The Quebecois sovereignty movement, for instance, veered into anti-Semitic fascism in the 1930s and ’40s. In later years, despite tacking to the left, it retained something of a xenophobic character because of its implicit vision of an independent Quebec dominated by white francophones who could trace their ancestry back to France. In a blind fury after narrowly losing the 1995 referendum on Quebecois independence, Premier Jacques Parizeau, the then-leader of the independence movement, infamously blamed “money and ethnic votes” for the loss. More recently, the provincial sovereigntist party, the Parti Quebecois, tried to impose a “Values Charter” on the province aimed at criminalizing the wearing of hijab and niqab in certain public spaces and functions. Ask Black francophones if they feel welcome in the province and you’ll get mixed answers at best, often related to racist policing from Quebec’s forces.

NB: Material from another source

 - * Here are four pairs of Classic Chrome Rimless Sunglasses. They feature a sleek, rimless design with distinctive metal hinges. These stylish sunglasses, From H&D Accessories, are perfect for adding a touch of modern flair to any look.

Speaking of policing and the character of public safety institutions, matters remain stark.

A 2015 Toronto Star special investigation found hundreds of Greater Toronto Area officers internally disciplined for “serious misconduct”—including the physical abuse of homeless people and committing domestic violence—remained on the force. In 2012, the same outlet documented the excessive rate at which Black and brown Torontonians were stopped and “carded.” The data is staggering: The number of stops of Black men actually exceeded the number of young Black men who live in certain policing districts. And according to the Star, despite making up less than 10 percent of Toronto’s population, Black Torontonians comprised at least 35 percent of those individuals shot to death by police since 1990. Between 2000 and 2006, they made up two-thirds.

Meanwhile, LGBTQ and Native Ontario corrections officers have routinely complained of poisonous workplace environments; a recent survey found anti-Muslim attitudes prevail among a majority of Ontarians.

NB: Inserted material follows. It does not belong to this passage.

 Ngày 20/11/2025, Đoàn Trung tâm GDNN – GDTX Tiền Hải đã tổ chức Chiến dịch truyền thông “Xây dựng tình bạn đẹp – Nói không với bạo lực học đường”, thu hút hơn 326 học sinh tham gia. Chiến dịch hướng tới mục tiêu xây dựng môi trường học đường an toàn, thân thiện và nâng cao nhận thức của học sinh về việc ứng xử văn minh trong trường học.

Especially poignant for me as a Latina who loves Canada is the case of former Vancouver firefighter Luis Gonzales. Gonzales, who is of Salvadoran descent, is now filing a human rights complaint against Vancouver Fire and Rescue Services for what he deemed a racist work environment that included anti-Black racism, like shining a fire engine floodlight on Black women in the street and joking about how one still couldn’t see them.

One could go on; the disparate nature of these abuses points to the intersectional character of prejudice in Canada, something that BLM Toronto was quite explicit about in its protest. While anti-Black racism is distinct, the coalition perspective envisaged by Black Lives Matter, which builds community with LGBTQ, Muslim, South Asian, and First Nations groups, reflects an understanding of Canadian racism that is quite intelligible to U.S. observers.

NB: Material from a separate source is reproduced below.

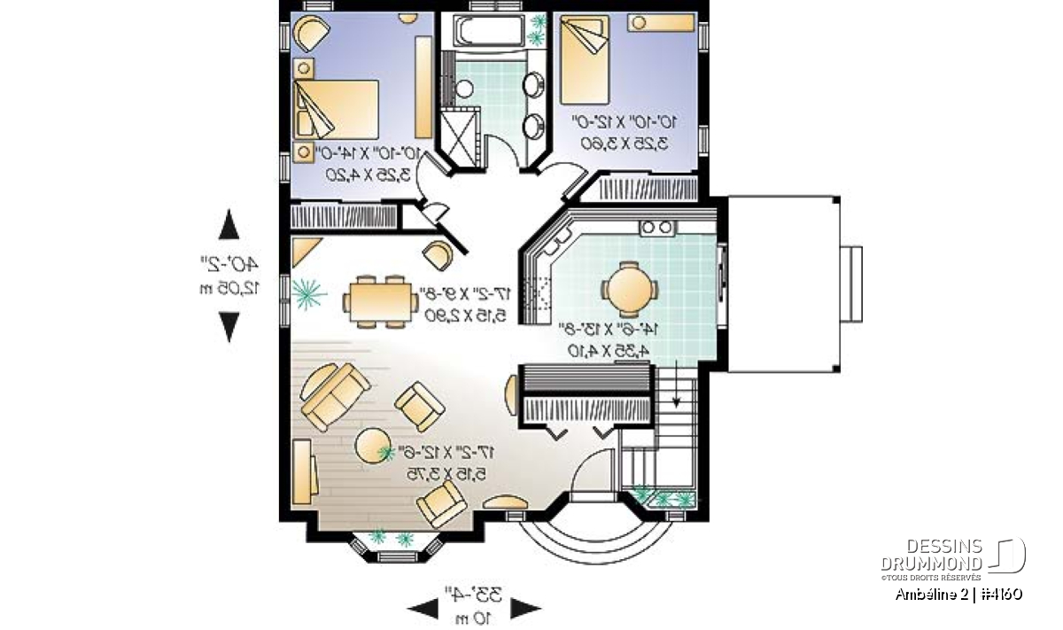 | Largeur | 33'4" | Profondeur | 40'2" |

It is here that we should return again to Margaret Wente’s slyly nationalistic claim that BLMTO is a foreign import, insensitive to progressive Canadian reality. In this, as in so many other areas, we must dispense with the use of Canadian civic liberalism as a shield against criticism; the nation got this far because of sometimes intemperate, often loud protest. Protests against anti-LGBTQ police brutality in the 1980s and ’90s, for example, set the stage for a Toronto where the CN Tower would be lit up in rainbow colors. And any number of Native rights actions in Canada have forced the nation to recognize both its colonial history and the racism of the present; from Idle No More and the Oka Crisis to the 2014 VIA Rail blockade, that movement is alive and well. Indeed, the blockade was part of a long movement to make the government acknowledge that thousands of missing and murdered Indigenous women constituted a crisis.

If we must wrap ourselves in the Maple Leaf flag, then let us at least acknowledge that peaceful protest is a very Canadian thing indeed, instead of redoubling racist insults by insinuating that Black Lives Matter is somehow foreign or that institutional racism is confined to the United States. Canada has achieved little of worth by merely chanting “but we’re not as bad as the United States!” like a mantra.

Far from being a movement in search of a crisis, Black Lives Matter and its intersectional analysis is just as well-suited to Canada as it is to the United States. In the end, it is not, per the national anthem, God who keeps this land “glorious and free,” but its people.